_Brief_:
Output the listing exactly as written, apart from its pictures.

_Supplied information_:
=== Section Start ===

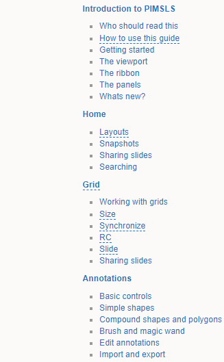 This guide is organized in different sections in the sidebar and follows the way PIMS LS is organized so you can easily find information about the function you're trying to use.
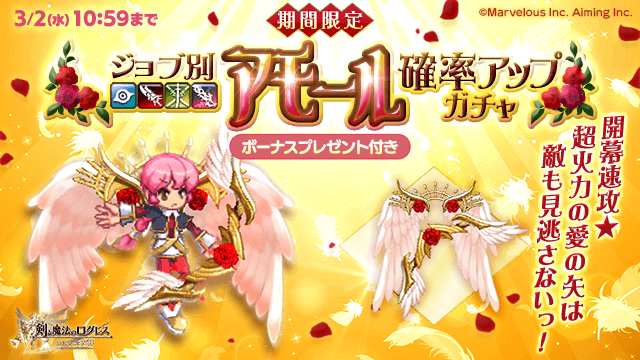 開幕速攻で強力な愛の矢を放て★「ジョブ別 アモール確率アップガチャ」
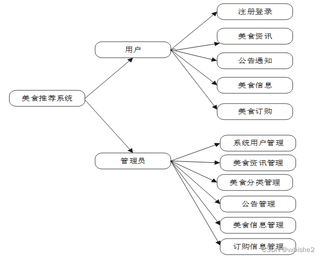 (3)确定好系统使用的技术,进行在线确认系统所划分的用户角色,并且根据用户角色划分确定所要设计的功能模块,对美食推荐系统的设计主要划分别为管理员和用户角色,并所使用的功能模块也相应不同,但是系统的数据库实现的内容是交互的,用户可以随时根据自己的需求进行美食信息查看以及购买,对于系统工作人员可以根据自己的分管内容进行在线信息的处理及操作,管理员获取到所有用户的详细数据信息,并根据需求进行第一时间处理解决。

=== Section End ===

_Written answer_:
 This guide is organized in different sections in the sidebar and follows the way PIMS LS is organized so you can easily find information about the function you're trying to use.
 開幕速攻で強力な愛の矢を放て★「ジョブ別 アモール確率アップガチャ」
 (3)确定好系统使用的技术,进行在线确认系统所划分的用户角色,并且根据用户角色划分确定所要设计的功能模块,对美食推荐系统的设计主要划分别为管理员和用户角色,并所使用的功能模块也相应不同,但是系统的数据库实现的内容是交互的,用户可以随时根据自己的需求进行美食信息查看以及购买,对于系统工作人员可以根据自己的分管内容进行在线信息的处理及操作,管理员获取到所有用户的详细数据信息,并根据需求进行第一时间处理解决。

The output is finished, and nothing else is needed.